We can see the 17 sections always via readelf (-S option). Now let's recompile it but via the debugging options turned on:

$ make green-bottles.o MKDEBUG=yes
#   compile  green-bottles/green-bottles.o
gcc -O2 -fPIE  -g   -std=gnu99   -Werror     -c    green-bottles.c
ctfconvert -g -L VERSION -g green-bottles.o

If we are careful we can see that unlike the previous make incantation now the -g option is passed to the compiler... Let's see if we can inspect that via readelf:

$ readelf -h green-bottles.o
ELF Header:
  Magic:   7f 45 4c 46 02 01 01 00 00 00 00 00 00 00 00 00
  Class:                             ELF64
  Data:                              2's complement, little endian
  Version:                           1 (current)
  OS/ABI:                            UNIX - System V
  ABI Version:                       0
  Type:                              REL (Relocatable file)
  Machine:                           Advanced Micro Devices X86-64
  Version:                           0x1
  Entry point address:               0x0
  Start of program headers:          0 (bytes into file)
  Start of section headers:          6424 (bytes into file)
  Flags:                             0x0
  Size of this header:               64 (bytes)
  Size of program headers:           0 (bytes)
  Number of program headers:         0
  Size of section headers:           64 (bytes)
  Number of section headers:         29
  Section header string table index: 25

We can note several differences compared to the previous relocatable file compiled without MKDEBUG:

  • Start of section headers (previously 2816, now 6424)
  • Number of section headers (previously 17, now 29)
  • Section header string table index (previously 13, now 25)

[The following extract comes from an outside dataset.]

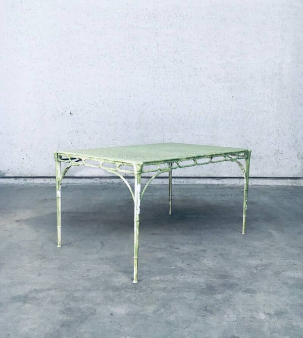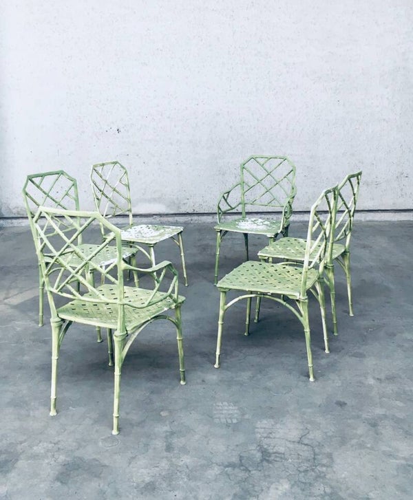 Vintage Midcentury Design "CALCUTTA" Faux Bamboo Outdoor Dining Set designed by Hall Bradley for Brown Jordan. Made in the USA, 1960's. Cast Aluminum made set. This set comprises of 1 table, 4 regular chairs and 2 armchairs. In the chinese chippendale style design. They have been repainted at some point in time by the previous owner in a minty herbal green. The set comes in good condition. All chairs are all sturdy. Paint loss on all chairs and table. The table has had some minor repairs; new welded screw placements and new central screw support bar. As is, the set has a very nice patina and would fit any garden. The table measures 72cm x 132cm x 90cm. The regular chairs measure 85cm x 44cm x 50cm. The armchairs measure 85,5cm x 51cm x 50cm.

If we compare the sections between the two relocatable files (tips: using: readelf -WS green-bottles.o | sed -nEe 's/^ \[ *([0-9]+)\] ([^ ]*) .*/\2/p' is a possible way to do it) we can observe the following new ELF sections:

  • .debug_info: contains main DWARF DIEs (Debugging Information Entry)
  • .debug_abbrev: contains abbreviations used in .debug_info section
  • .debug_loc: contains location expressions
  • .debug_aranges: contains a table for lookup by addresses of program entities (i.e. data objects, types, functions)
  • .debug_ranges: contains address ranges referenced by DIEs
  • .debug_line: contains line number program
  • .debug_str: contains all strings referenced by .debug_info
  • other .rela.debug_*

It's time to finally build the program:

$ make green-bottles
rm -f .gdbinit
touch .gdbinit
#      link  green-bottles/green-bottles
gcc     -pie  -shared-libgcc      -o green-bottles  green-bottles.o  -Wl,-rpath-link,/lib  -L=/lib
ctfmerge -t -g -L VERSION -o green-bottles green-bottles.o

We can observe:

$ readelf -h green-bottles
ELF Header:
  Magic:   7f 45 4c 46 02 01 01 00 00 00 00 00 00 00 00 00
  Class:                             ELF64
  Data:                              2's complement, little endian
  Version:                           1 (current)
  OS/ABI:                            UNIX - System V
  ABI Version:                       0
  Type:                              DYN (Shared object file)
  Machine:                           Advanced Micro Devices X86-64
  Version:                           0x1
  Entry point address:               0x730
  Start of program headers:          64 (bytes into file)
  Start of section headers:          6448 (bytes into file)
  Flags:                             0x0
  Size of this header:               64 (bytes)
  Size of program headers:           56 (bytes)
  Number of program headers:         7
  Size of section headers:           64 (bytes)
  Number of section headers:         31
  Section header string table index: 27

...and for its counterpart compiled via MKDEBUG=yes:

$ readelf -h green-bottles
ELF Header:
  Magic:   7f 45 4c 46 02 01 01 00 00 00 00 00 00 00 00 00
  Class:                             ELF64
  Data:                              2's complement, little endian
  Version:                           1 (current)
  OS/ABI:                            UNIX - System V
  ABI Version:                       0
  Type:                              DYN (Shared object file)
  Machine:                           Advanced Micro Devices X86-64
  Version:                           0x1
  Entry point address:               0x730
  Start of program headers:          64 (bytes into file)
  Start of section headers:          8304 (bytes into file)
  Flags:                             0x0
  Size of this header:               64 (bytes)
  Size of program headers:           56 (bytes)
  Number of program headers:         7
  Size of section headers:           64 (bytes)
  Number of section headers:         38
  Section header string table index: 34

Not so surprisingly the number of the 7 extra sections are exactly the .debug_* ones!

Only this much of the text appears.